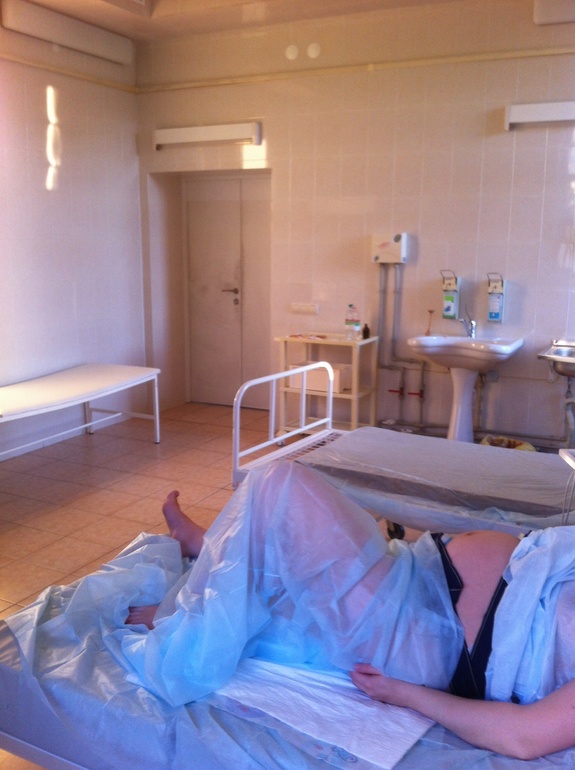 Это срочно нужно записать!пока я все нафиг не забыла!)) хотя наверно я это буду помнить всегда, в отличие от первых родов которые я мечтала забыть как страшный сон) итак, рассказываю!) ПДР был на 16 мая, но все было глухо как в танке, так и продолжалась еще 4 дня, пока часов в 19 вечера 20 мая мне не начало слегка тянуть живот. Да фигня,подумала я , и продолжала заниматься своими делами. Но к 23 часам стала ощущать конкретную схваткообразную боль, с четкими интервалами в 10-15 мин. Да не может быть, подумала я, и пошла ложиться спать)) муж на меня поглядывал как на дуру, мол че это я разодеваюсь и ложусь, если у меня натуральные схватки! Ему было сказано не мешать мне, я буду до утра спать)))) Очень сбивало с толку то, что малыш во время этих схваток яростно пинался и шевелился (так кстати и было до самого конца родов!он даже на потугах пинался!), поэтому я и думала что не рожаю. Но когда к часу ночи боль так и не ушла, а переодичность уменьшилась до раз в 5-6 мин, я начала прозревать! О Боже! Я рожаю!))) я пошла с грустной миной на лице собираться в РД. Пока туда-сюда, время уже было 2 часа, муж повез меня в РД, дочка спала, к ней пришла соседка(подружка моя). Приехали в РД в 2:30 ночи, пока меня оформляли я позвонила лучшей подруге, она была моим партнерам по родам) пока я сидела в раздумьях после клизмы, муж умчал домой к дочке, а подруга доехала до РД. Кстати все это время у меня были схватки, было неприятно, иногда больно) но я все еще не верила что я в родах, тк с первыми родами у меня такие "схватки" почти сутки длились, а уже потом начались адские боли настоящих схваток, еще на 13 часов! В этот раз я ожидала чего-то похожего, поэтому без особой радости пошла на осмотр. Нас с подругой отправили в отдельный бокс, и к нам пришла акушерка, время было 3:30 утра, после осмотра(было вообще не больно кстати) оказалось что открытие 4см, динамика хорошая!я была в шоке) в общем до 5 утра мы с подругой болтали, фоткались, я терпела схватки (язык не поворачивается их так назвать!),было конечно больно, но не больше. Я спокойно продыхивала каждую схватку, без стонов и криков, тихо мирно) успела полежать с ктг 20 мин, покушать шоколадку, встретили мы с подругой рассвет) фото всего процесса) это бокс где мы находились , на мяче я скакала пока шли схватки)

#####

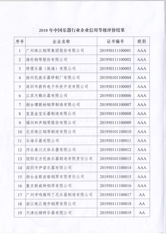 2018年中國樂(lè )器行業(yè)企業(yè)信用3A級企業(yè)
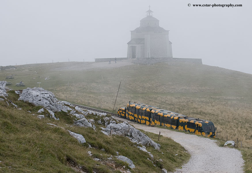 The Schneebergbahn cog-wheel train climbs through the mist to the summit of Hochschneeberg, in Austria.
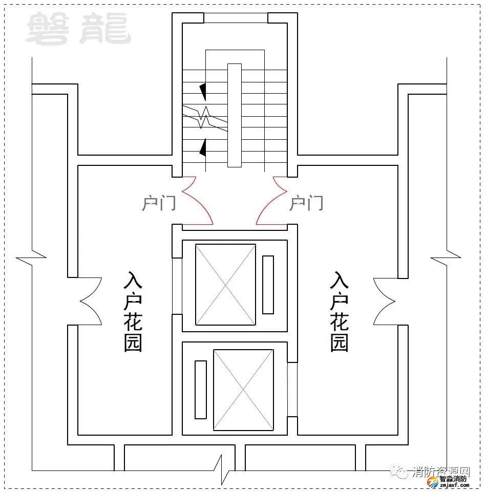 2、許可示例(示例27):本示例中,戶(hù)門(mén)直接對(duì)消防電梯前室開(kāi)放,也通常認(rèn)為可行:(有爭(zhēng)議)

#####

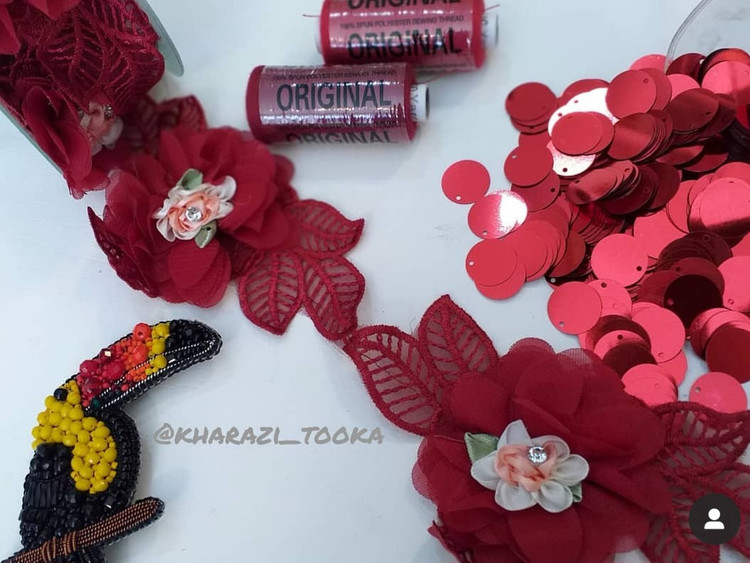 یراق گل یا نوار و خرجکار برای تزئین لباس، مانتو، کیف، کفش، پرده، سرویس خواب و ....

#####

#### Exercise description:
Take the material above from the line bearing "The Schneebergbahn cog-wheel" through the line bearing "2、許可示例(示例27):本" and write it out exactly, both end lines included. Pictures stay out.

#### Task result:
 The Schneebergbahn cog-wheel train climbs through the mist to the summit of Hochschneeberg, in Austria.
 2、許可示例(示例27):本示例中,戶(hù)門(mén)直接對(duì)消防電梯前室開(kāi)放,也通常認(rèn)為可行:(有爭(zhēng)議)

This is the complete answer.